The announcement has been made that it looks as though Defense Secretary Robert Gates is going to be staying on in the Obama Administration for at least the next year. There are many among us on the left and in the anti-war crowd who have not been at all pleased with this turn of events.

But as I see it – and I believe I’ve made this point somewhere along the line in the past – you can’t expect a new Sec Def to swoop in and move one hundred and forty thousand troops out of Iraq in a year without huge problems. I mean, you couldn’t even unpack a box before you started planning the withdrawal, and it would likely be a disaster no matter who you were. I think that if you’re serious about your pledge to get troops out of Iraq in the next eighteen months, you have to maintain some sense of continuity in the military hierarchy to do that. Of course, my years of working as a Secretary of Defense((that would be zero years, for you keeping track)) don’t lend themselves to an educated opinion on the matter.
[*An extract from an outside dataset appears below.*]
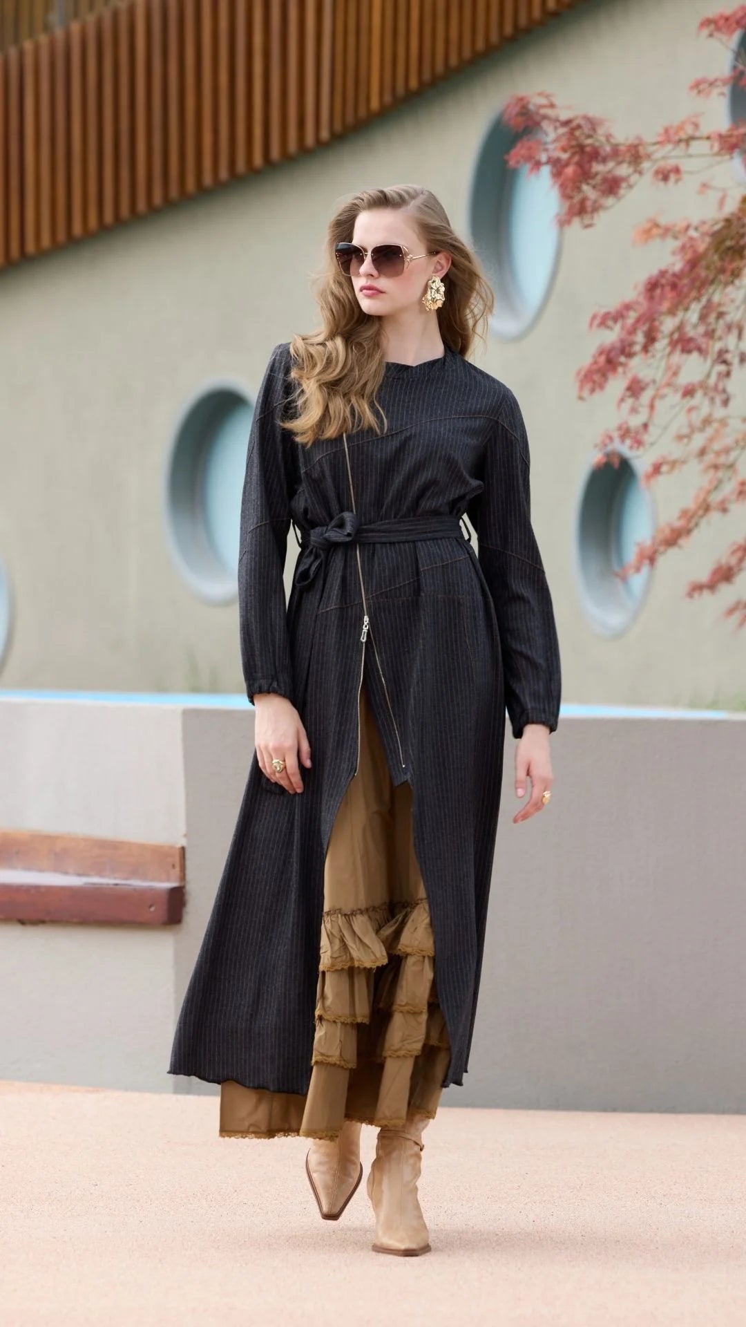 MissWhence 38812 2 Pc Dress Set Black&Camel

Besides which, I think anyone whose been paying attention knows that Robert Gates has been as forthcoming as any member of the Bush Administration with Congress and the public. That’s not saying a lot, I grant. But it seems like he’s more sure of himself and less inclined to stonewall for the sake of his personal reputation alone. I think that, with a new president of the same party as the majority in the Congress, you will probably see much more candor going forward. That’s just a guess.

And its a damned shame that we can’t do the same with the economic team, but goddamn. I’ve never seen a guy fall so far so fast as has Hank Paulson. Ben Bernanke just seems like a putz lately, too. These are two guys I know from watching Wall Street Week for years, and I’ve been nothing short of shocked to watch them crumble in the face of this crisis. So, on that level, we need new leadership.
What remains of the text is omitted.